Phase 1: Containment

# Stop agent and block outbound network
systemctl stop moltbot 2>/dev/null
systemctl stop openclaw 2>/dev/null
docker stop clawdbot 2>/dev/null

# Block outbound network from the agent user account (Linux)
sudo iptables -A OUTPUT -m owner --uid-owner "$USER" -j DROP

Phase 2: Build the Attack Timeline

The chain_hash field in openclaw-telemetry links every event to the previous one. If any hash fails to match the previous event's hash, log tampering occurred — note the break point, because everything before it is reliable evidence and everything after may have been modified.

# Build chronological timeline of all tool executions
cat "$INCIDENT_DIR/openclaw-logs/telemetry.jsonl" \
  | jq -r 'select(.event_type == "tool_executed")
    | [.timestamp, .tool_name, (.tool_args | tostring)] | @tsv' \
  | sort > "$INCIDENT_DIR/tool-execution-timeline.tsv"

# Identify first anomalous event
cat "$INCIDENT_DIR/openclaw-logs/telemetry.jsonl" \
  | jq 'select(
      .event_type == "tool_executed"
      and .tool_name == "file_read"
      and (.tool_args.path | test("\\.ssh|\\.aws|\\.bak|credentials"))
    )
    | {timestamp, path: .tool_args.path}' \
  | head -1

Phase 3: Determine Scope of Credential Exposure

The forensic question your CISO will ask is "what did the attacker get?" Work through this systematically:

# Enumerate what credential files existed and when they were last accessed
stat ~/.moltbot/moltbot.json 2>/dev/null
stat ~/.clawdbot/clawdbot.json 2>/dev/null

# Check OS audit log for Keychain access events (macOS)
log show --predicate 'eventMessage contains "Clawdbot"' \
    --start "2026-01-27 00:00:00" 2>/dev/null \
    | grep -i "keychain\|secret\|api_key"

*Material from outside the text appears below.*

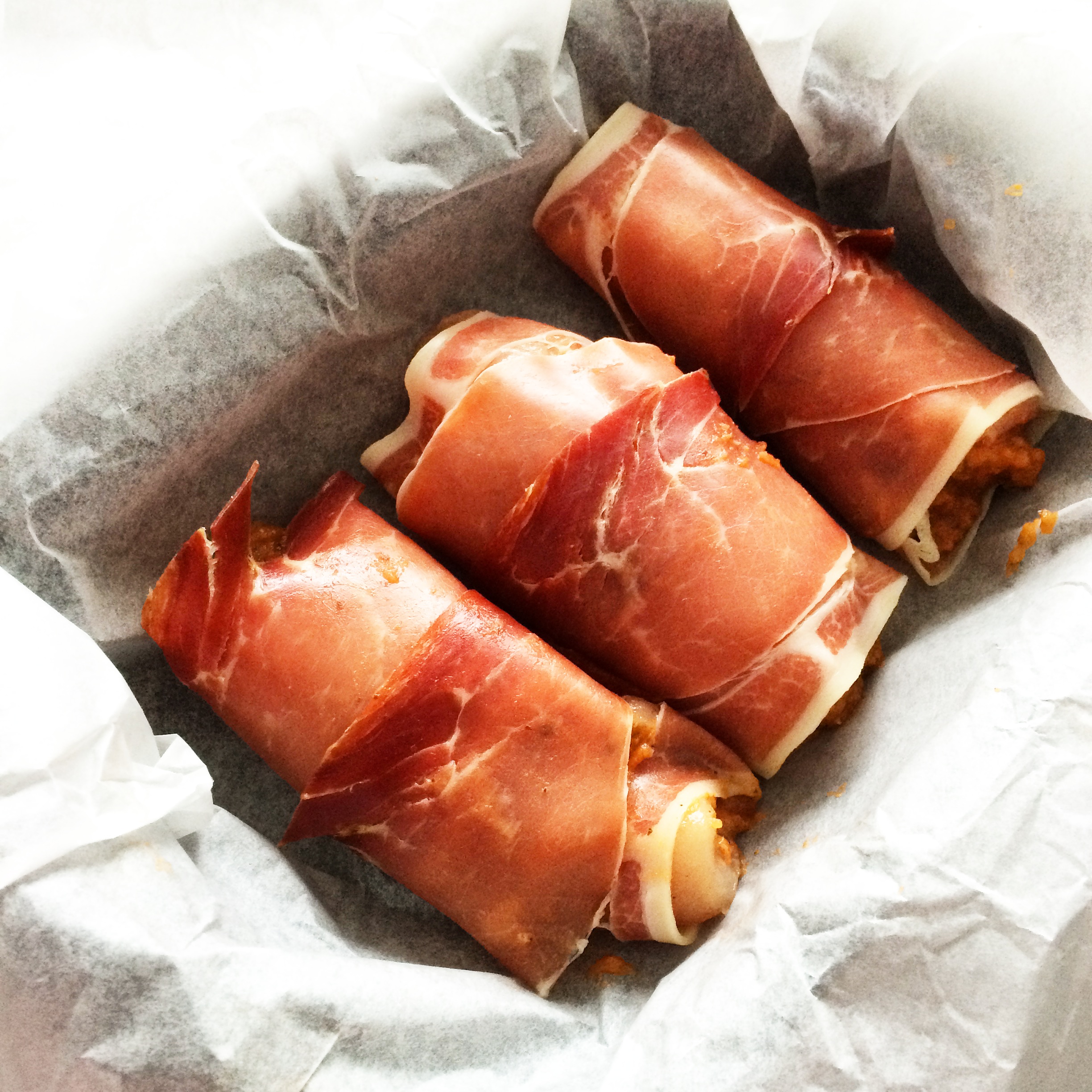 Bank kyllingfileten flat før du smører på saus, ruller den sammen og pakker den inn i skinke. På denne måten beholder du saften i kyllingkjøttet og det trenger ikke mer enn 20-25 minutter steketid. Resultatet er et saftig stykke kjøtt med mye smak.

# Linux: check Secret Service access audit
journalctl --since="2026-01-27" | grep -i "secret service\|clawdbot\|openclaw" 2>/dev/null

# Review email_send tool calls for external recipients
cat "$INCIDENT_DIR/openclaw-logs/telemetry.jsonl" \
  | jq 'select(
      .event_type == "tool_executed"
      and .tool_name == "email_send"
    )
    | {timestamp, recipients: .tool_args.recipients, subject: .tool_args.subject}'

Phase 4: Assess Skill Integrity

If the compromise came via a malicious skill, identify which skill, whether it modified SOUL.md, and whether it created any persistence mechanisms.

# Compare current skill hashes against your baseline manifest
python3 skill_manifest.py \
    --compare "$INCIDENT_DIR/../manifest_baseline.json" \
    --output "$INCIDENT_DIR/manifest-at-incident.json"

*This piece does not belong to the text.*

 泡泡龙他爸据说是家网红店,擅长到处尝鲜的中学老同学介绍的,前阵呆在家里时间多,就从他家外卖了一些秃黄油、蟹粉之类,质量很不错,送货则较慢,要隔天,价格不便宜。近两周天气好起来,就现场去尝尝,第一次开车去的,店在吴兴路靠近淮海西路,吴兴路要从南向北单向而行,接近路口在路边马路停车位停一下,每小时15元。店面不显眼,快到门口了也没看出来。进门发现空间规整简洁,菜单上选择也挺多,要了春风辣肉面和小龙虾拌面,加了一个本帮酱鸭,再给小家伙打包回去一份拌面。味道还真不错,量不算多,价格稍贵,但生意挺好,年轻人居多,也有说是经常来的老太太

# Check SOUL.md for injected instructions
# Look for: scheduled task references, external URLs,
# unusual behavioral directives, base64-encoded content
cat "$INCIDENT_DIR/SOUL.md.evidence" | grep -E \
    "(schedule|cron|http|base64|eval|exec|ignore.*previous|override)"

# Check for scheduled tasks created by the agent (Linux)
crontab -l 2>/dev/null | grep -v "^#"
systemctl list-units --type=service | grep -i "openclaw\|moltbot\|clawd"

→ Automated forensic collection scripts — collect_evidence.sh, build_timeline.sh, check_credential_scope.sh, verify_hash_chain.py

---

IOC Reference

Framework mapping: NIST CSF ID.RA (Risk Assessment), DE.CM-1 (Network monitored for attack events)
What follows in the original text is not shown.